Laura Racero said...

You forgot one of the scariest quotes in the whole series: 'I would be 10 times what you are if I had that tech in my head.'"

Cerece Rennie Murphy said...

This show is breaking my heart. With so many questions from 4 seasons unanswered, I just don't understand why we are here right now. I don't really see Peter's actions as going down a dark path. We spent 4 seasons watching Olivia try anything to solve a case. Why not Peter? This is the man who stepped knowingly into a machine he believed would kill him, just to save Olivia (and the world). What more would he do to save his daughter.
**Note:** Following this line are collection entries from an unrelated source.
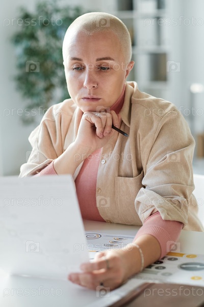 Серьезная молодая лысая бизнес-леди в обычном наряде сосредоточилась на бумажной работе, сидя за офисным столом и рассматривая документы
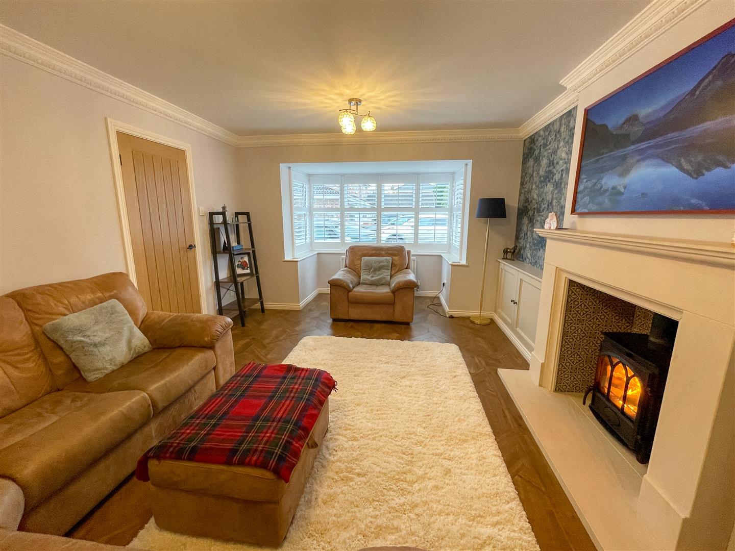 To the ground floor the property boasts a large living room with log burning stove and square bay window to the front of the property. To the rear the dining kitchen offers a great space with modern kitchen units with integral appliance including oven, microwave, induction hob with extractor fan over and dishwasher. There is an undermounted kitchen sink which is in keeping with the clean design of the kitchen. A large window to the garden at the rear provides the room with lots of natural light. The dining space offers an excellent space for all of the family to sit down together. From the dining kitchen double doors open to the conservatory which enjoys views over the garden.
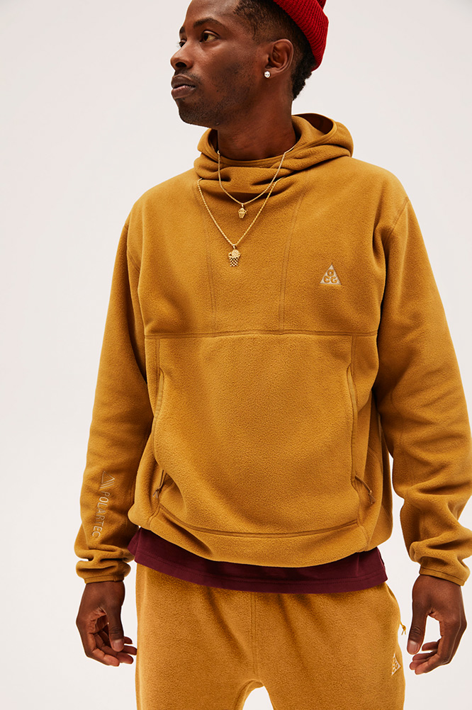 本次新作的一大亮點為多層次設計,可看出 NIKE 更以登山健行者的角度出發,從外層 Nike ACG Misery Ridge GORE-TEX 夾克看起,採用三層 GORE-TEX 防水技術,並以 100% 再生聚脂纖維織成,同時具有防風、防水、透氣等機能性;中層為 Nike ACG Rope De Dope 羽絨夾克,以火山地貌為靈感設計,除了可強化保暖防止熱能散失之外,也可壓縮收納;底層推出的是 Nike ACG Polartec Wolf Tree 連帽衫,採用 100% 再生羊毛製成。
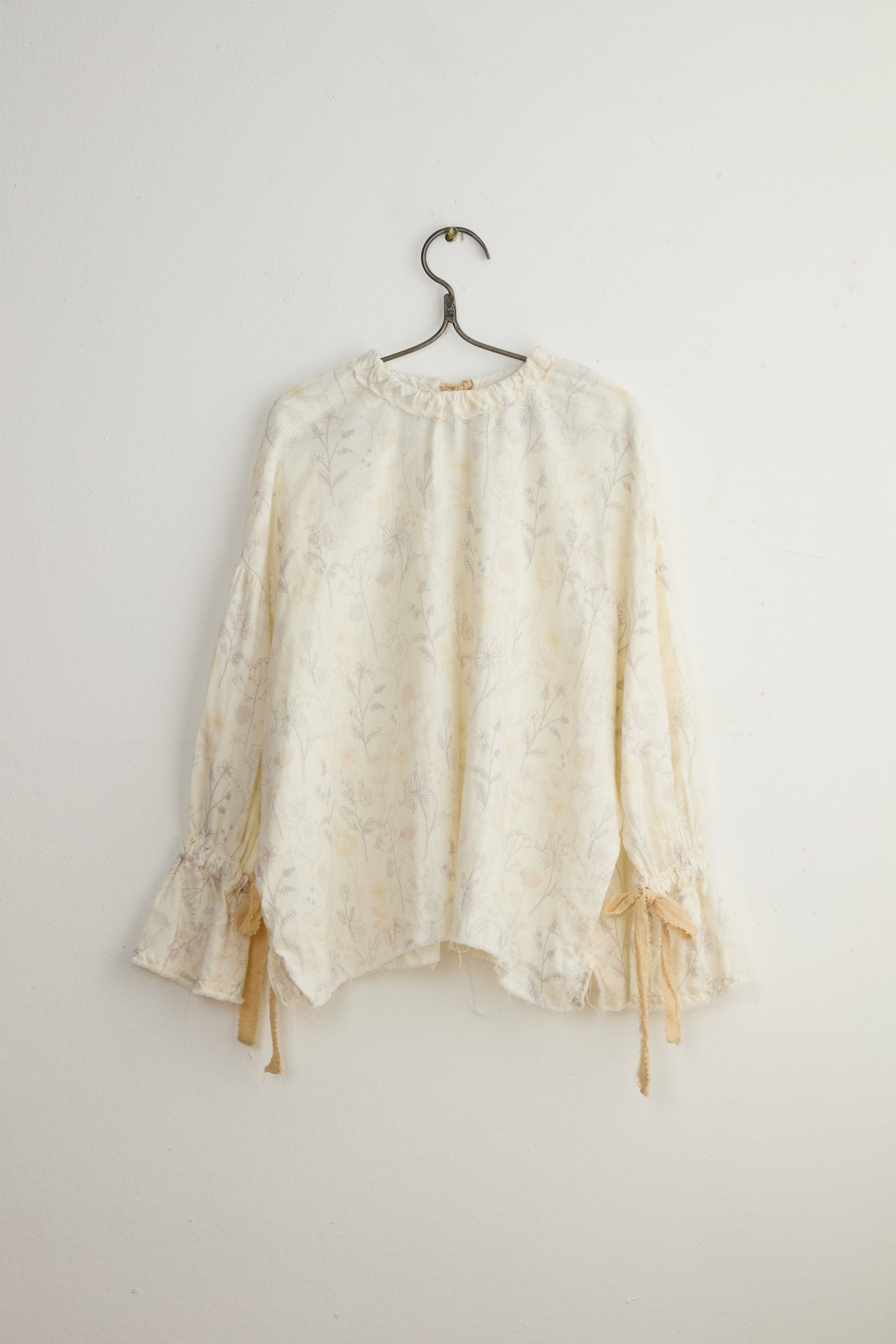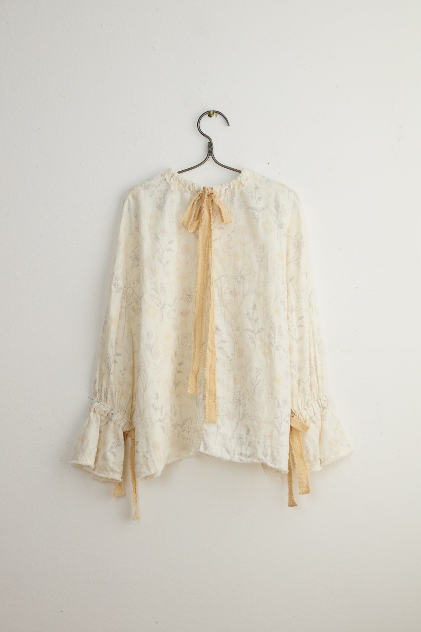 Eloise shirt by Maya Zukerman is a super soft double cloth blouse with a boxy, relaxed fit. The crew neck and the extra-long sleeves are laced with ribbons made from recycled Sari.
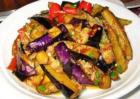 2、加中等偏大量的油, 7、8成熱的時候下鍋翻炒,待到茄子有點(diǎn)軟的時候起鍋。再在鍋中放少量油, 切好蔥姜蒜末暴之,然后放大約二兩左右的肉絲,要大一些,肉片最好,爆炒,熟了以后放茄子,立刻放醬油,少量的水,糖,雞精,鹽,悶之。
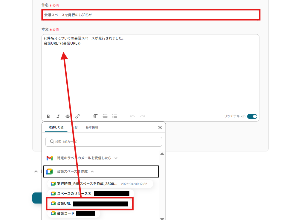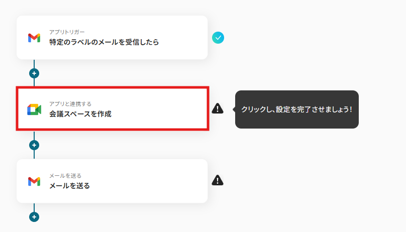Gmailのトリガー設定およびGoogle Meetのアクション設定
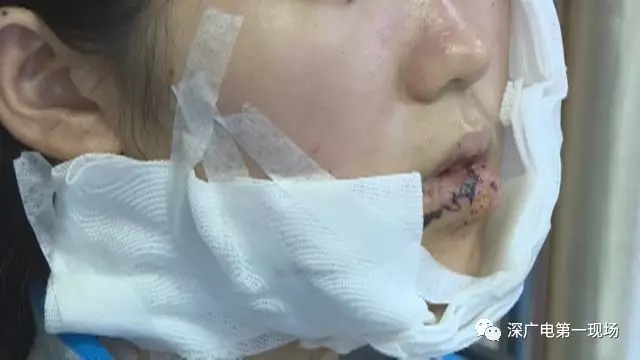 ↑下午兩點(diǎn),在寶安人民醫(yī)院急診科的創(chuàng)傷中心,小楊正在接受治療,她的臉上綁著繃帶,縱橫交錯的傷口依然清晰可見。
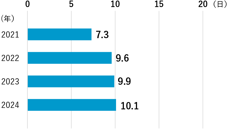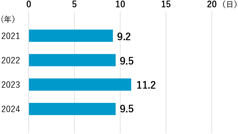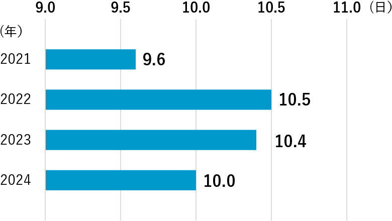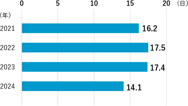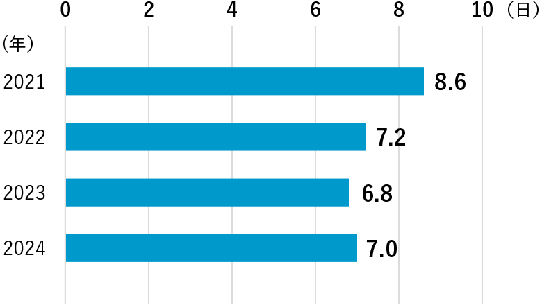 質の保証と医療の効率化が高いレベルで達成されるほど、平均在院日数は短縮すると言われています。当院の平均在院日数は大変良いレベルと考えています。
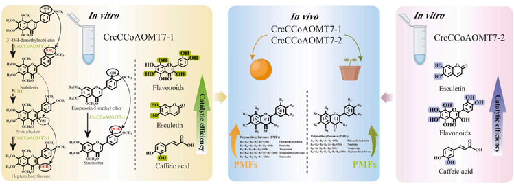 PMFs作为一类具有显著抗癌活性的植物次生代谢产物,受到广泛关注。柑橘果皮特异性积累丰富的PMFs,甲基化修饰是PMFs生物合成的关键步骤。然而,目前报道的柑橘中O-甲基转移酶(OMT)的功能不足以阐明PMFs的完整甲基化过程。该研究在团队发表的茶枝柑基因组和黄酮代谢通路基础上(Wen et al. 2024,Nature Communications),进一步通过比较分析茶枝柑( Citrus reticulata ‘Chachiensis’ )果实不同发育阶段PMFs的积累规律与OMTs基因的表达模式,从柑橘中鉴定了两个全新的属于 CCoAOMT-like 亚组的咖啡酰辅酶A O-甲基转移酶(命名为CrcCCoAOMT7-1/7-2)。通过体外酶功能分析表明,CrcCCoAOMT7-1显示出对黄酮底物强烈偏好,可催化邻羟基类黄酮的3、6、8 、3' 和4' 位 ;而CrcCCoAOMT7-2则更倾向于催化槲皮素和黄烷酮底物,甲基化邻羟基类黄酮的 6、7、8 、3' 和4'位。此外,体外实验直接证明CrcCCoAOMT7-1催化合成了抗癌活性成分川陈皮素、甜橙黄酮和七甲氧基黄酮,为CCoAOMT家族中首个被证实具备该功能的酶。进一步通过瞬时过表达和VIGS,验证了CrcCCoAOMT7-1/7-2可以促进柑橘体内PMFs的积累。该研究证明CrcCCoAOMT7-1/7-2是一种高效的多功能O-甲基转移酶,参与柑橘中PMFs的生物合成。研究结果为完善柑橘 PMFs 的生物合成途径提供了新的资料,并对进一步提高茶枝柑的药用价值以及通过酶促工程合成天然抗癌活性物质具有重要生物学意义。
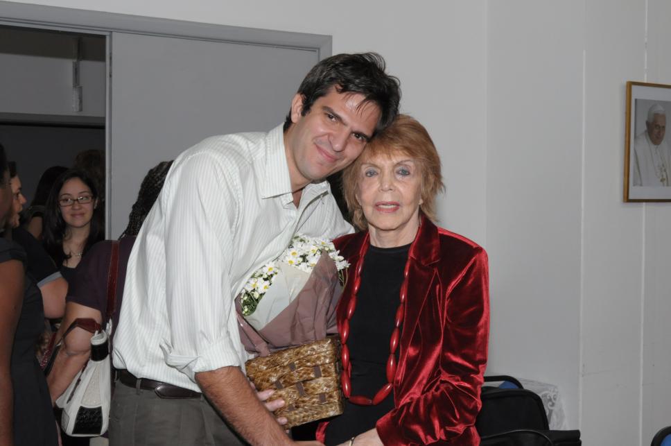 A professora Sônia de Camargo posa para foto com convidado presente na homenagem.

Cerece Rennie Murphy said...

This show is breaking my heart. With so many questions from 4 seasons unanswered, I just don't understand why we are here right now. I don't really see Peter's actions as going down a dark path. We spent 4 seasons watching Olivia try anything to solve a case. Why not Peter? This is the man who stepped knowingly into a machine he believed would kill him, just to save Olivia (and the world). What more would he do to save his daughter.

Briar said...

You need far more than two graves if you want revenge. You may need millions. Look at what the US has done in revenge for 9/11.

Anonymous said...

Did I miss something? Why did collapsing the wormhole not work? Seemed to be just a red herring. I'm beginning to wonder if the whole scavenger hunt for creating the weapon will be too. 'Collecting coupons' is what this type plot is usually called. It seems to me getting kind of tedious that every week we're focused on this. Season 5 is on par with season 4 so far, but it suffers from not having a firm plot development IMHO. The story and characters seem to just drift with the current. I would have thought the final season would have been better planned. The homages to other SyFy too may be getting a little overdone. The rescue of Walter
a few weeks ago was similar to that of Morpheus in THE MATRIX (complete with the gun in each hand shootout). Next week too, recalls when Neo figured out the matrix programming and attacked the agent with his now equal powers. Using the wormhole to deliver a bomb was right out of BATTLEFIELD EARTH. And of course the interrogation with the eye closeup was pure BLADE RUNNER. I'd rather they pay more attention to their own story. And turn Peter loose. We want payback not the tired "dig two graves" meme. It's not revenge, it's justice. Best line was a couple of weeks ago when the interrogator found his men dead with no faces and said, "Barbaric." Yep, and there's more where that came from. "War is all hell." Time to give them a belly full of it.

Anonymous said...

Timeout on the red herring talk - it has only been less than 5 minutes of aired episode time since they made the assumption that the wormhole collapse failed. They have not had a chance to explore or discover the answer to their "apparent" failure.

Who knows? - Observers travel through time - maybe the wormhole closed for a decade - but they jumped back in time and stopped their shipment on the second iteration, knowing the collapse was imminent. You gotta think these things thru. Just like Peter going back and saving Etta on the second iteration in the warehouse where she was shot by Captain Skidmark.